A central goal for AIDS prevention and treatment based on scientific
research and supported widely by health professionals and activists has
been access for all women to comprehensive reproductive and sexual
health including fertility planning, barrier methods and sexual
knowledge. Young girls and married women would have a unified source of
information and resources throughout their reproductive lives. This goal
was included in 2000 in the United Nations Millennial Goals but has been
overshadowed and undermined by the Bush regime and the PEPFAR funds..
The PEPFAR requirements have created obstacles to the inclusion of
stigmatized groups such as sex workers and drug users in local
prevention and treatment programs. The current PEPFAR regulations also
prevent youth, even when choosing abstinence, from full sexual and
reproductive knowledge and access to female and male condoms.

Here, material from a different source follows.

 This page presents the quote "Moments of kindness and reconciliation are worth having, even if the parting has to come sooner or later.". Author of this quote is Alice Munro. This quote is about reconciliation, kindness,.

In terms
of the millennial goals, reproductive and sexual health including but
not exclusively male and female condoms should be freely available to
everyone including drug users, sex workers and women of all ages.

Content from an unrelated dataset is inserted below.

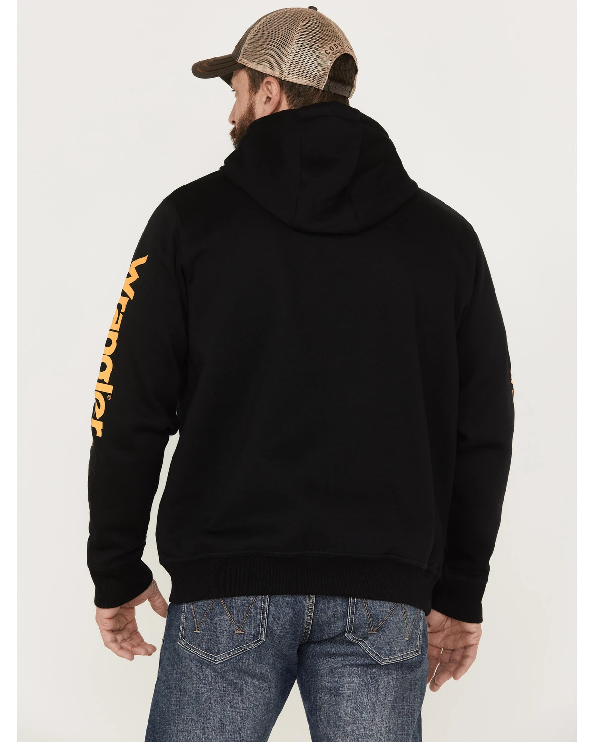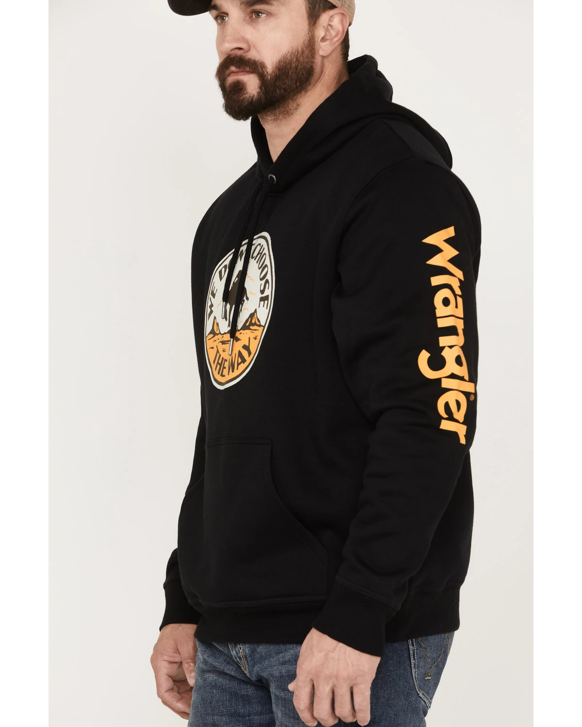 - “Wrangler” logo graphic down left sleeve

Initiatives to provide treatment in the global South represent a
monumental achievement attributable to the vision, energy and commitment
of health activists all over the world. As a result, PEPFAR, the Global
Fund to Fight AIDS, Tuberculosis and Malaria, and the Bill and Melinda
Gates Foundation are funding AIDS treatment for many people in poor
countries. Already, enlightened health professionals are developing
model family centered programs that provide treatment for women or men
as well as their partners and children. However, as we have seen, the
PEPFAR regulations impede AIDS prevention efforts and, sadly, the rates
of infection are multiplying faster than the distribution of
anti-retroviral treatment.

As the Center for Health and Gender Equity, ATHENA, and many other
groups at the 2006 Toronto IAS made clear, one of the most important
acts to protect all women must be to free the PEPFAR funds from their
sexist, anti-sex, and retrograde principles. Current restrictions on the
distribution of male and female condoms, reproductive rights and sexual
knowledge which accompany the millions of PEPFAR dollars are setting up
barriers to AIDS prevention and may be facilitating the spread of HIV
infection, particularly among young girls and married women. The most
significant act that could save the lives of women and girls in the
world today is to free up these funds from the many restrictions,
including those on syringe exchange and treatment for sex workers.

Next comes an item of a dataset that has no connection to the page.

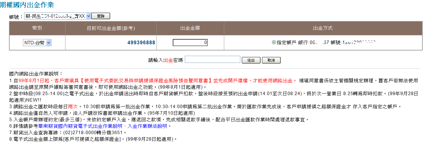 在出金欄位輸入出金金額,鍵入出金密碼後,可執行出金作業。

Rep. Barbara Lee, D-Calif. who spoke at the Women and Girls March in
Toronto, has joined the fight to unshackle PEPFAR by introducing the
Protection Against Transmission of HIV for Women and Youth (Pathway) Act
of 2006 to the U.S. House of Representatives. The Pathway Act would
remove the requirement that one third of U.S. prevention funding be
spent on abstinence-until-marriage programs and calls for a
comprehensive and integrated HIV prevention strategy. Only an
understanding that recognizes women and girls as people with all the
failings and creative accomplishments of men and the right to
comprehensive sex education (Wollstonecraft 1792) can lead to the
prevention of AIDS in the world today.